Can you boot into your system and open a remote shell? Then you should be all set:
- Re-create the original partition layout
- Write the *GOLD partitions to the proper locations on disk
- Update the FWTable Checksums if they are any different
- Write something like 5:B:2: into the bootConfig file on partition 18.
- Reboot and hope for the best - just let it sit there for a while
In case this doesn’t work you should still be able to re-Install OMV via USB method.
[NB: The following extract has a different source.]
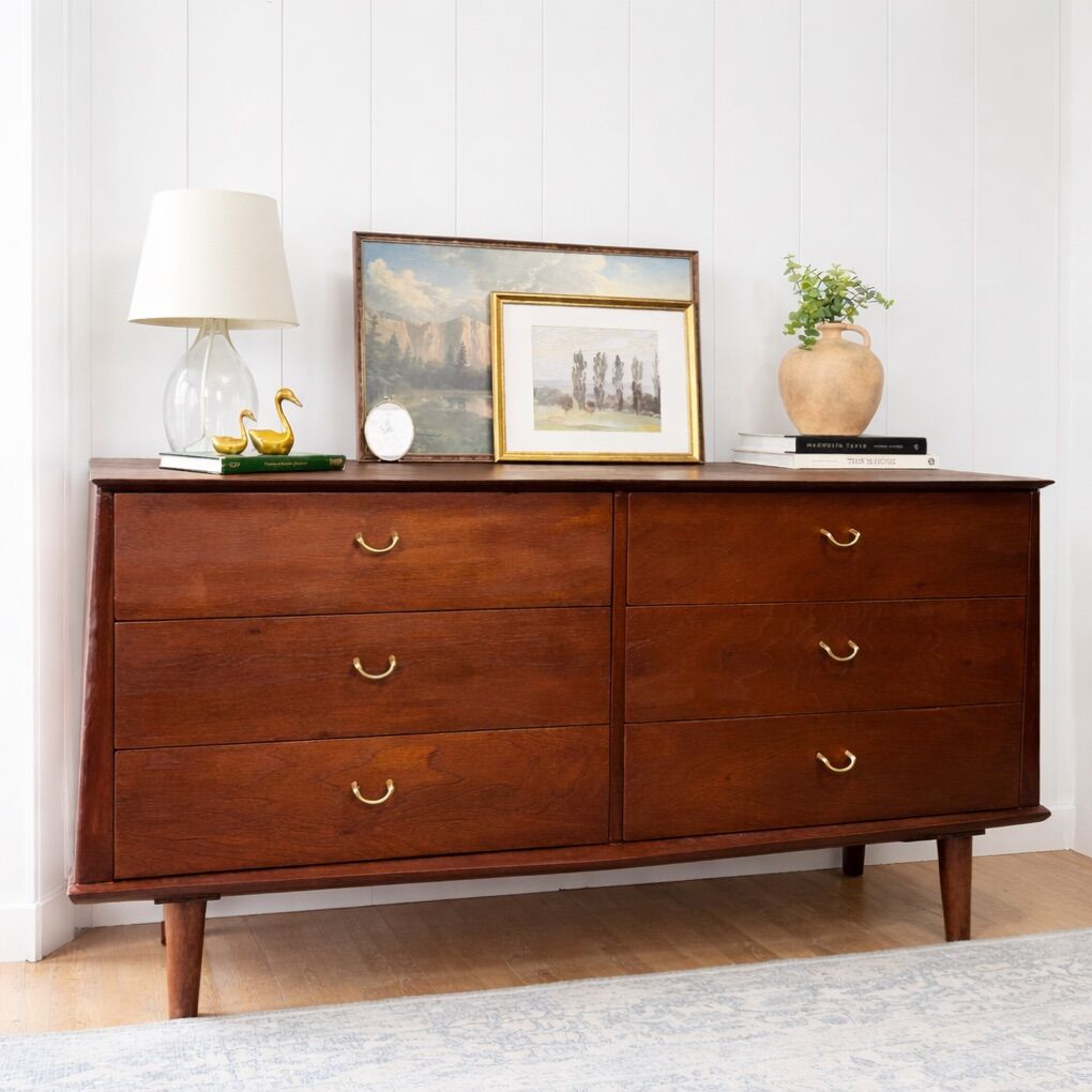 With six spacious, smoothly operating drawers, it offers ample storage for your bedroom or can function beautifully as a media console or stylish entryway piece. This dresser is in excellent vintage condition, showing only minor signs of age that add to its character. It’s stamped September 15, 1953.

The USB method can always be used to inspect your system. If you don’t want to build your own rootfs, you could use the first Russian OMV installer and remove the 20-root.tar.gz… 22-usr.tar.gz files. This should boot you into a telnet shell, from where you can perform further actions.
Alex
Yep I can. Will give it a shot. Thanks
One question. Where do I get the GOLD fw files?